Thursday, July 23, 2009

Terrifying

I filled out the daycare admission paperwork yesterday with the intention of packing up Alex and heading over to the center, dropping it off and stopping in the infant room to re-meet the teachers and let them have a look at the boy. Apparently I am insane because filling out the paperwork almost made me cry and I totally chickened out on going to the daycare.

I am not really sure what that was all about, but here are some theories I am working on:
1. If I take him to daycare it means I have to work at the office and not at home. Boo.
2. The daycare is not going to be the loving and development promoting place I remember and I am going to have to find a new one.
3. I have him now...and I kinda like him and I am not so sure about this not being with him all day thing.

So I decided yesterday to not stress about it and let myself kick around my issues for a day and make it my goal to get the paperwork there today. The thing is, I know this is a good thing for all of us. I can get back to feeling like a contributing member of society instead of living in questionable attire all day. Travis won't have to constantly reassure me that although I am not "working" I really do have an important job right now. And Alex will be on his way to gaining socialization and development skills that I am not sure I could teach him if I kept him home all the time. Oh and the pesky fact that we cannot afford for me to stay home and not get paid...details.

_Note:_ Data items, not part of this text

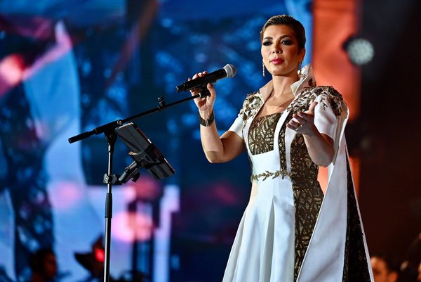 محطتنا الثانية، مع أنغام التي التقت جمهورها ضمن صيف الشرقية. حيث اعتمدت أنغام إطلالة محتشمة، وهي عبارة عن فستان اسود طويل تميز بأكمامه الطويلة والشفافة ذات التطريزات المميزة. من تصميم راني زاخم.
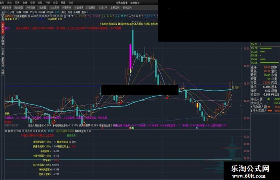 指标简单明了。副图筹码优势明显,可以更清晰直观看清当前价格所在筹码位置,图中青色线为当前价格所在的筹码位置 在图的左侧加入财务数据,优秀的财务数据用红字突出显示
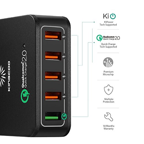 -. Title : Desktop Charger, [Qualcomm Certified] KINGCOO 40W 5-Port USB Charger Desktop Charging Station Wall Charger USB Power Adapter with Quick Charge 2.0( Quick Charge 5V/2.4A 9V/2A 12V/1.5A, Smart Charger 5V/2.4A )
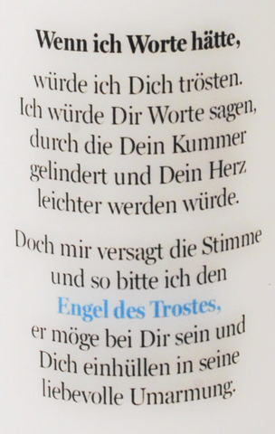 - Doch mir versagt die Stimme und so bitte ich den Engel des Trostes, er möge bei Dir sein und Dich einhüllen in seine liebevolle Umarmung.
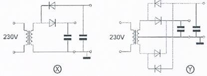 Umax = 30 V dwz Ueff = 21V die de diodes mogen hebben !!!
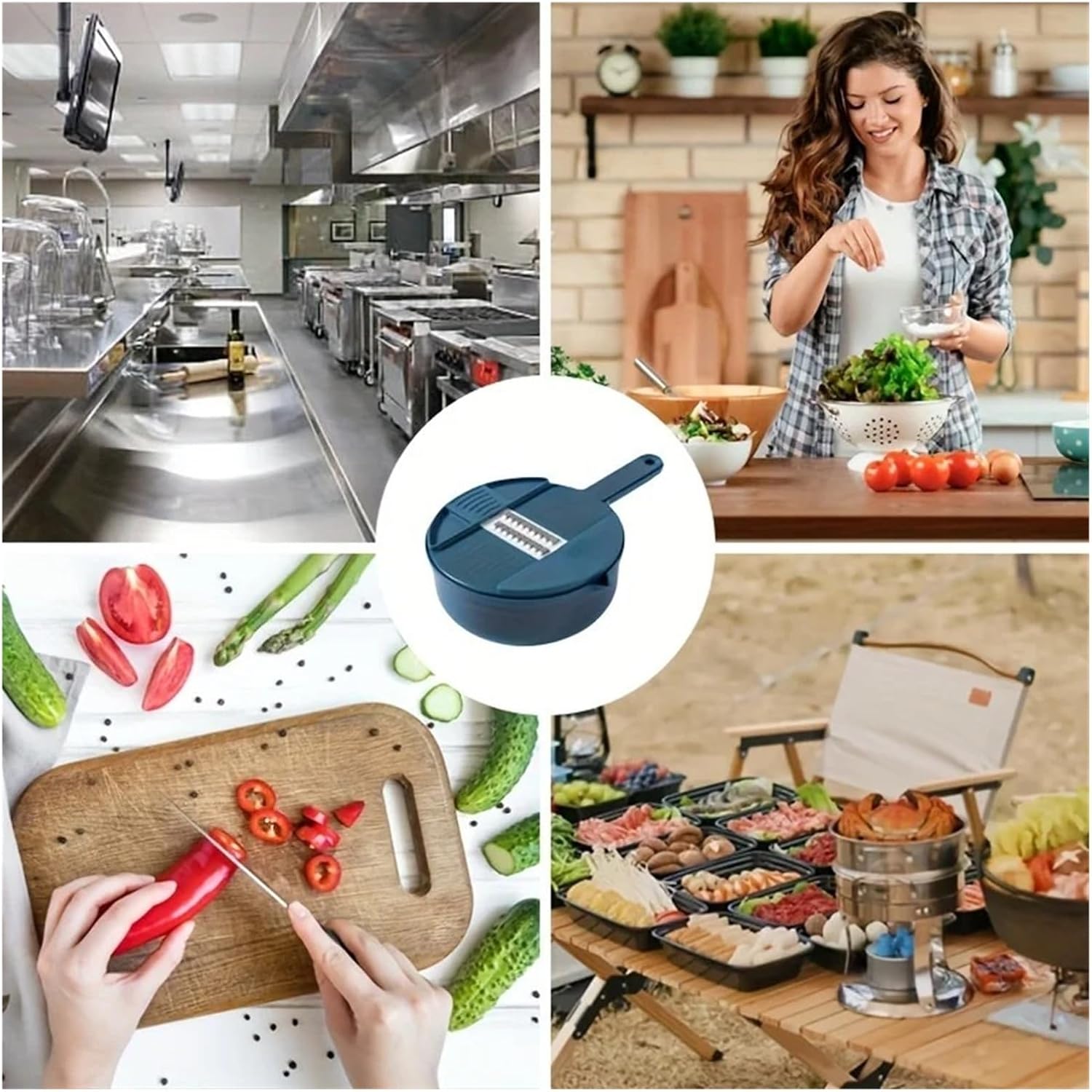 This vegetable chopper includes a set of blades for slicing, shredding, and grating. It works on carrots, onions, potatoes, and other common vegetables. The unit comes with a container that catches food as it is cut.Blades are removable for cleaning. Hand washing is suggested. The chopper sits on a countertop and operates with hand pressure.

But then my really rational imagination takes over. And all I can see when I picture the infant room at the daycare is screaming dirty babies and chain smoking teachers all splitting a plastic handle of Siberian Ice vodka and glaring at the babies. Yes yes that must be what happens when the parents leave and the teachers are alone. I just haven't figured out how they have managed to hide their horrible scheme and stay in business longer than I have been alive. They sure are tricky those nasty people who care for tiny children for a living.

Once again, there is a part of my brain that will win over the ridiculous part of my brain. Hopefully it will be before I have to leave my sweet boy with the evil drunken teachers.